● **Task requirements**:
Begin at the line holding "Fig. 4. Waste Containers" and set down exactly each line through the last one below, omitting pictures. Include nothing else.

● **Dataset**:

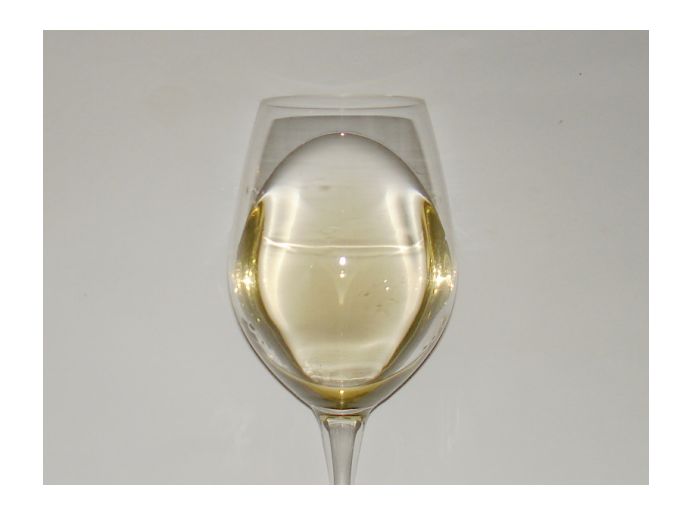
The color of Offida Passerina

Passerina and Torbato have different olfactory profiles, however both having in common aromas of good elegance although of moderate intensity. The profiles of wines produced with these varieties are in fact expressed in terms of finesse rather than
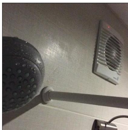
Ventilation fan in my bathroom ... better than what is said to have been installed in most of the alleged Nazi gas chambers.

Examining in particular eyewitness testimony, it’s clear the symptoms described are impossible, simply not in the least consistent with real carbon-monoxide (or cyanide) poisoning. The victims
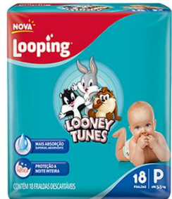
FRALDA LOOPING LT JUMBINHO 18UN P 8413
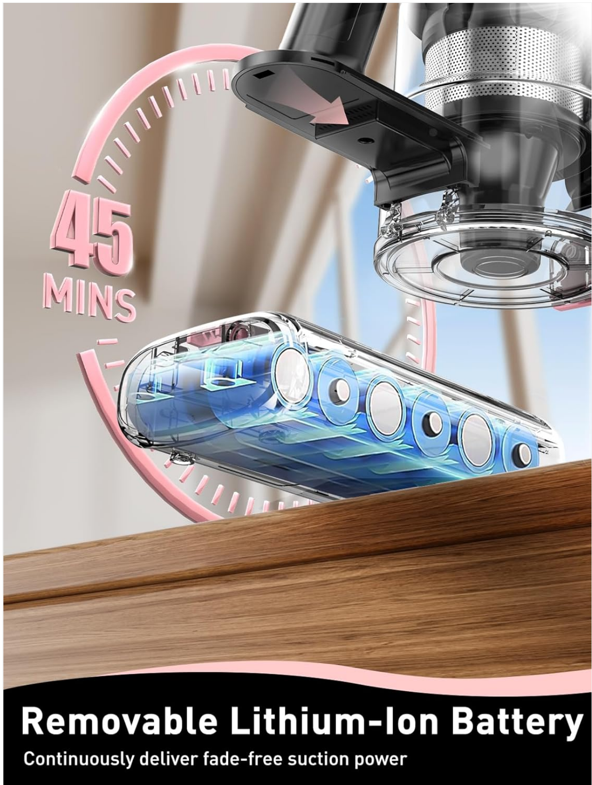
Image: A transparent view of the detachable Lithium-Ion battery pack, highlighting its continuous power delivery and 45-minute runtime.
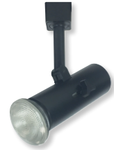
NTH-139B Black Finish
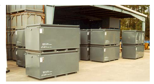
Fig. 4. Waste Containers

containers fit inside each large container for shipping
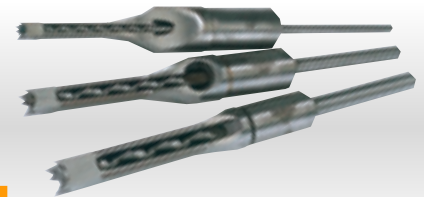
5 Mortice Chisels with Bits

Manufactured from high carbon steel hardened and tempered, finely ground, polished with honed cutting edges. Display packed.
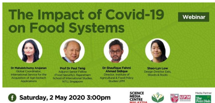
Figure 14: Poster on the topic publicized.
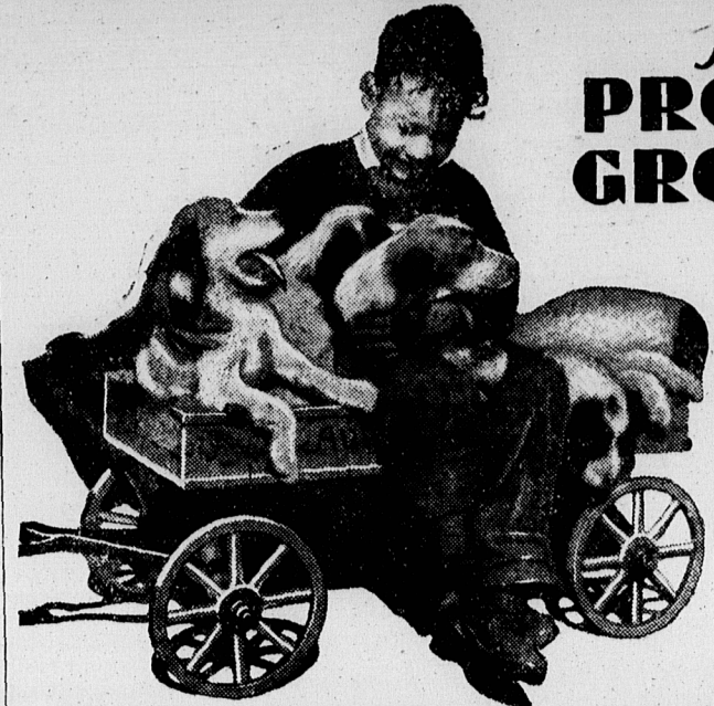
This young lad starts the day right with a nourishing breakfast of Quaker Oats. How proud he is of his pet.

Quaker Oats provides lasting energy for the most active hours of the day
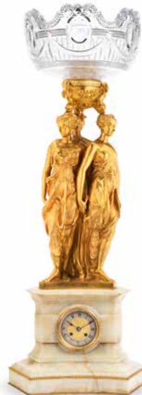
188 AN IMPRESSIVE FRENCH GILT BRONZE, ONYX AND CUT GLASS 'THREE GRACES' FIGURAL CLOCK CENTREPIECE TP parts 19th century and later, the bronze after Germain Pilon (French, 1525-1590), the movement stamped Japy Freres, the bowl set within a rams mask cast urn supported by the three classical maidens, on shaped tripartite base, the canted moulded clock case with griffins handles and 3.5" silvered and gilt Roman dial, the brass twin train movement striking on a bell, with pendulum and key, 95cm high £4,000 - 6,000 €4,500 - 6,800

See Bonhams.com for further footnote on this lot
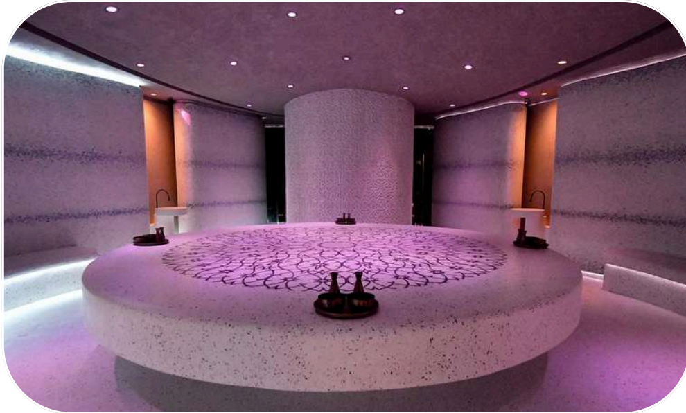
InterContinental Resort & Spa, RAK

● **Response to the task**:
Fig. 4. Waste Containers

containers fit inside each large container for shipping
5 Mortice Chisels with Bits

Manufactured from high carbon steel hardened and tempered, finely ground, polished with honed cutting edges. Display packed.
Figure 14: Poster on the topic publicized.
This young lad starts the day right with a nourishing breakfast of Quaker Oats. How proud he is of his pet.

Quaker Oats provides lasting energy for the most active hours of the day
188 AN IMPRESSIVE FRENCH GILT BRONZE, ONYX AND CUT GLASS 'THREE GRACES' FIGURAL CLOCK CENTREPIECE TP parts 19th century and later, the bronze after Germain Pilon (French, 1525-1590), the movement stamped Japy Freres, the bowl set within a rams mask cast urn supported by the three classical maidens, on shaped tripartite base, the canted moulded clock case with griffins handles and 3.5" silvered and gilt Roman dial, the brass twin train movement striking on a bell, with pendulum and key, 95cm high £4,000 - 6,000 €4,500 - 6,800

See Bonhams.com for further footnote on this lot
InterContinental Resort & Spa, RAK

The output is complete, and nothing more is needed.